Source material: Begin

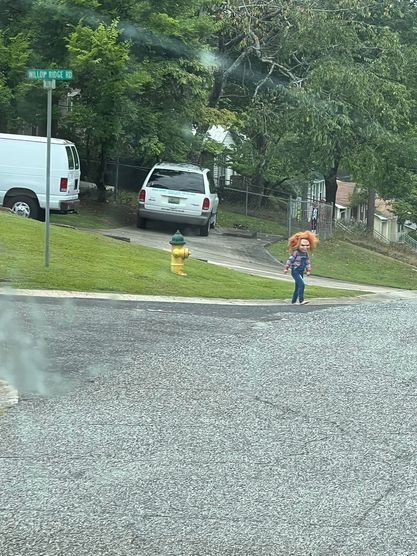 Kendra Walden spotted the scary figure resembling the evil protagonist from the 1980s “Child’s Play” horror movies and posted alarming pictures on Facebook. The diminutive look-alike prowled the neighborhood in overalls and a striped shirt, with long red hair very much like the movie villain.
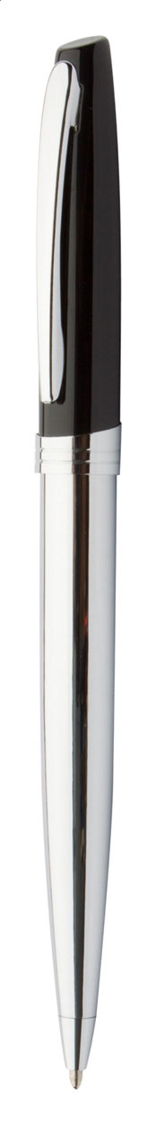 Kuličkové pero s pevným, lesklým pochromovaným tělem, s modrou náplní. Dodáváno v dárkové krabičce.
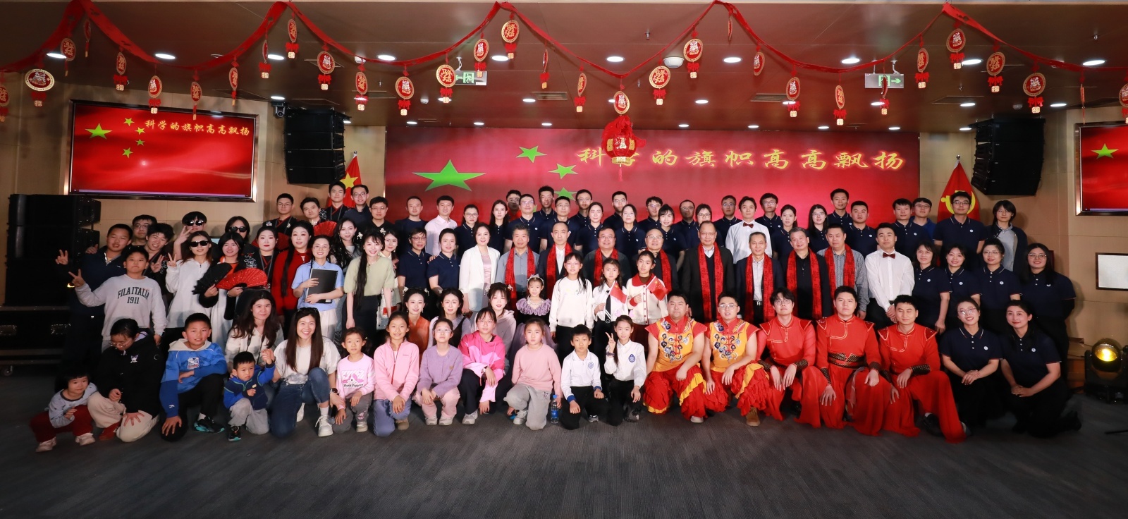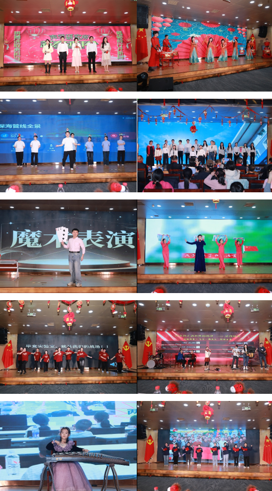情景剧《智领深蓝:远征路上拓心声》带领大家重温那些在拼搏岁月里,团队协作、攻坚克难的动人片段;《我爱你中国》,三代声学所人深情合唱,展示了我们向海图强的底气;魔术《三张牌游戏》带我们见证奇迹的时刻;独唱伴舞《春风十万里》中用青春浇灌声学事业的离退休同志们,传递新春的喜悦;创意舞台剧《大实验室是我的主场》展现科研人的青春与担当;抢点乐队用国乐雅韵邂逅经典旋律,奏响别样华章;“声二代”小朋友以古筝独奏《萱草花》展现了家属在背后的坚守与陪伴;诗朗诵《海上豪情:问鼎深蓝志》诉说着声学所人从拼搏中凝练的壮志与豪迈宣言;独唱《江声浩荡:滚滚前行志不休》传递着我们坚守初心、深耕领域的从容与担当;舞蹈《赤扇红驹:声韵长驰》以扇舞武韵演绎奋进之姿,再现2025年重大项目攻关足迹;诙谐剧《科研人的年终总结》解锁科研人的趣味图鉴;最后,团拜会在气势恢宏的大合唱《科学旗帜高高飘扬》中落下帷幕。
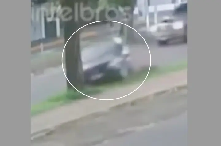 Uma câmera de segurança registou o acidente na avenida Mandacaru, Maringá, no último domingo (30). A colisão entre um carro e uma árvore deixou 6 pessoas feridas. As informações são do Portal EVN.
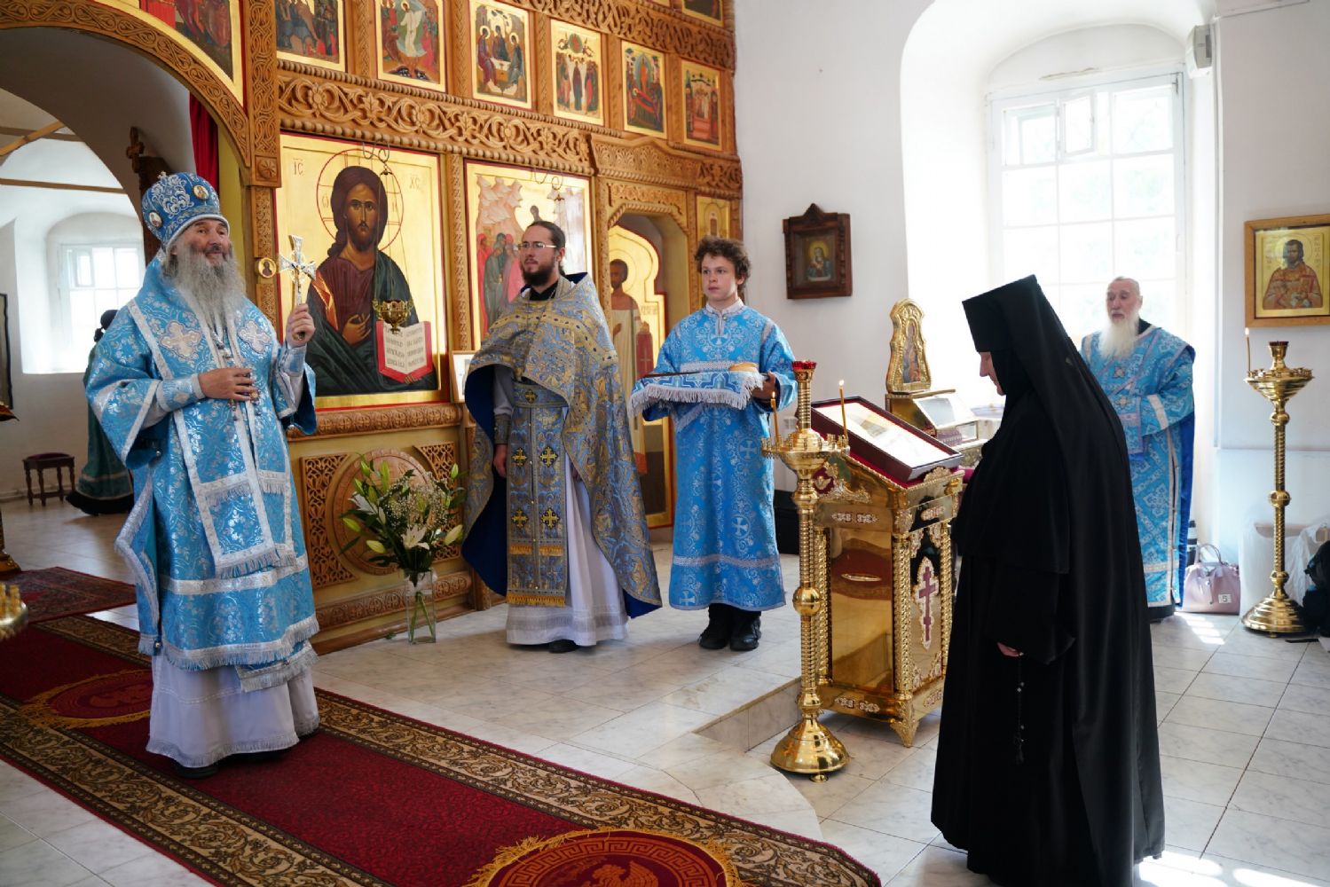 После богослужения митрополит Иоанн поздравил нстоятельницу Мироносицкого монастыря игумению Варнаву (Колчину) с днем тезоименитства.

Source material: End

*What you will do*:
Final task for the records above: print exactly the lines from the one that contains "Kuličkové pero s" through the last line, both ends included, pictures excluded.

*Exercise result*:
 Kuličkové pero s pevným, lesklým pochromovaným tělem, s modrou náplní. Dodáváno v dárkové krabičce.
情景剧《智领深蓝:远征路上拓心声》带领大家重温那些在拼搏岁月里,团队协作、攻坚克难的动人片段;《我爱你中国》,三代声学所人深情合唱,展示了我们向海图强的底气;魔术《三张牌游戏》带我们见证奇迹的时刻;独唱伴舞《春风十万里》中用青春浇灌声学事业的离退休同志们,传递新春的喜悦;创意舞台剧《大实验室是我的主场》展现科研人的青春与担当;抢点乐队用国乐雅韵邂逅经典旋律,奏响别样华章;“声二代”小朋友以古筝独奏《萱草花》展现了家属在背后的坚守与陪伴;诗朗诵《海上豪情:问鼎深蓝志》诉说着声学所人从拼搏中凝练的壮志与豪迈宣言;独唱《江声浩荡:滚滚前行志不休》传递着我们坚守初心、深耕领域的从容与担当;舞蹈《赤扇红驹:声韵长驰》以扇舞武韵演绎奋进之姿,再现2025年重大项目攻关足迹;诙谐剧《科研人的年终总结》解锁科研人的趣味图鉴;最后,团拜会在气势恢宏的大合唱《科学旗帜高高飘扬》中落下帷幕。
 Uma câmera de segurança registou o acidente na avenida Mandacaru, Maringá, no último domingo (30). A colisão entre um carro e uma árvore deixou 6 pessoas feridas. As informações são do Portal EVN.
 После богослужения митрополит Иоанн поздравил нстоятельницу Мироносицкого монастыря игумению Варнаву (Колчину) с днем тезоименитства.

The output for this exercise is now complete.